El ARA Independencia no era un símbolo de industria nacional ni de desarrollo autónomo. Era el HMS Warrior, un portaaviones británico de la Segunda Guerra Mundial, usado, reciclado y vendido como solución estratégica. La operación se concretó en 1958, durante la presidencia de Arturo Frondizi, pero bajo la gestión directa de Rojas, que sin ocupar cargos ejecutivos formales seguía siendo un actor decisivo del poder real. La compra fue aprobada mediante el Decreto Secreto 5938/1958. Secreto, porque nada expresa mejor la “república” que ocultar cifras, condiciones y beneficiarios.


El artículo 2° del decreto es contundente: 1.750.000 libras esterlinas, a pagar en cinco cuotas anuales de 350.000 libras, con 6% de interés sobre las últimas cuatro. Traducido a números comprensibles, la Argentina pagó alrededor de 4,9 millones de dólares de 1958, que actualizados representan más de 50 millones de dólares actuales, por un buque de segunda mano. El final de la historia es conocido y poco glorioso: en 1971, el portaaviones fue vendido como chatarra por unos 300.000 dólares a empresas privadas en Rosario. Una pérdida monumental presentada, durante años, como logro estratégico.


Lo llamativo no es solo el resultado económico, sino el método. Decreto secreto, discurso grandilocuente, alineamiento con potencias centrales, gasto elevado y ninguna rendición de cuentas. Rojas, además, no se retiró a la vida privada: siguió conspirando, presionando y participando en intentos de desestabilización institucional, como en 1962 contra el gobierno de Guido. Nunca aceptó la democracia como regla del juego; solo la toleró cuando no interfería con su proyecto político.

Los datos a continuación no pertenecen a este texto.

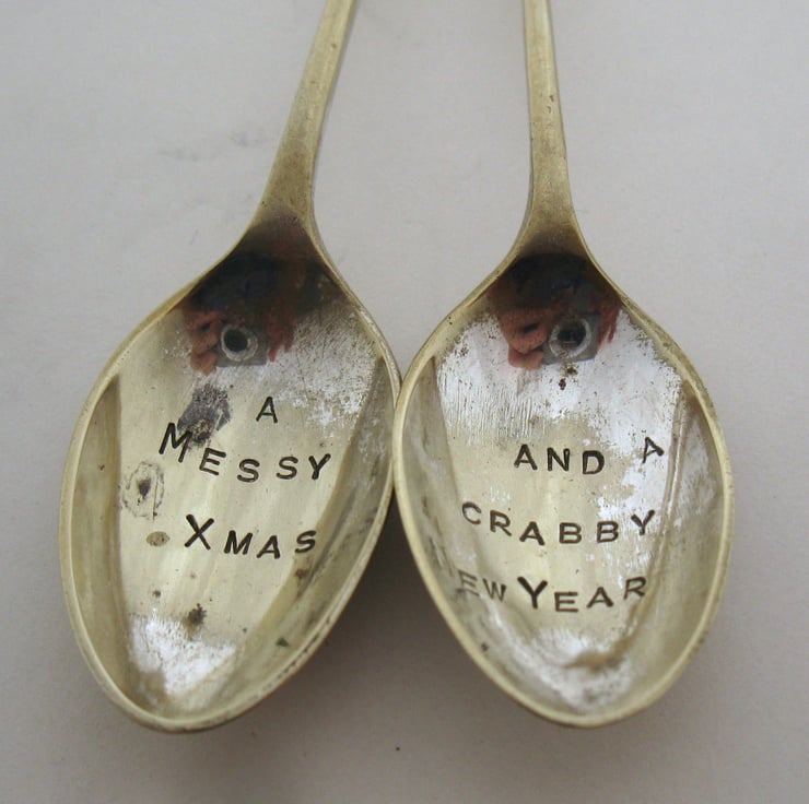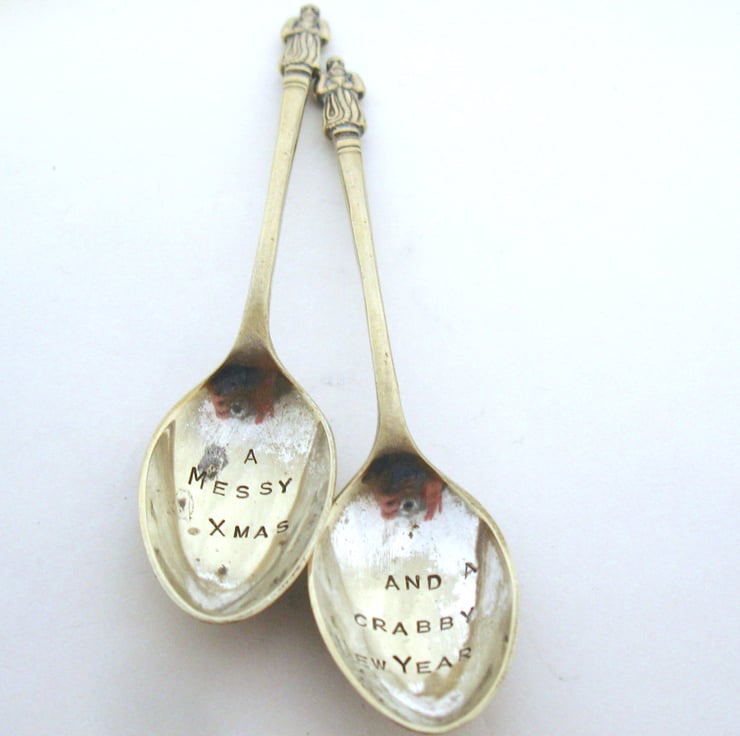 A matching pair of vintage silver-plated (well, formerly silver-plated, they are very old and worn) 'apostle' coffeespoons, handstamped respectively with A MESSY XMAS and AND A CRABBY NEW YEAR.

Esta historia no quedó congelada en los archivos navales. Tiene continuidad. La lógica que guió la compra del ARA Independencia reaparece, con otros protagonistas, en la Argentina actual. El gobierno de Javier Milei impulsa la adquisición de aviones F-16 veteranos, aeronaves con décadas de servicio, presentadas como “salto tecnológico” y “fortalecimiento de la defensa”. Al igual que en 1958, se trata de material usado, descartado por potencias centrales, ofrecido como modernización mientras se ajusta brutalmente sobre salarios, jubilaciones y presupuesto social.


Ayer fue un portaaviones británico reciclado, comprado en libras bajo decreto secreto y defendido por un almirante golpista. Hoy son cazas estadounidenses de segunda mano, promovidos como emblema de soberanía por un gobierno que predica el achicamiento del Estado pero no duda en comprometer recursos públicos en operaciones militares de dudosa utilidad estratégica. Cambian los nombres y los uniformes, pero el patrón es el mismo: dependencia tecnológica, opacidad en las decisiones, gasto elevado y un relato épico para justificar compras que benefician más a los proveedores externos que al país.


La foto del ARA Independencia llegando a Puerto Belgrano sigue circulando como símbolo de orgullo naval. Conviene mirarla completa: junto al acero del casco, la letra chica del decreto; junto al pabellón argentino, las libras esterlinas giradas al exterior; junto al discurso de soberanía, la práctica reiterada de subordinación. La historia, cuando se la mira de frente, no se repite como tragedia o farsa: se repite como método.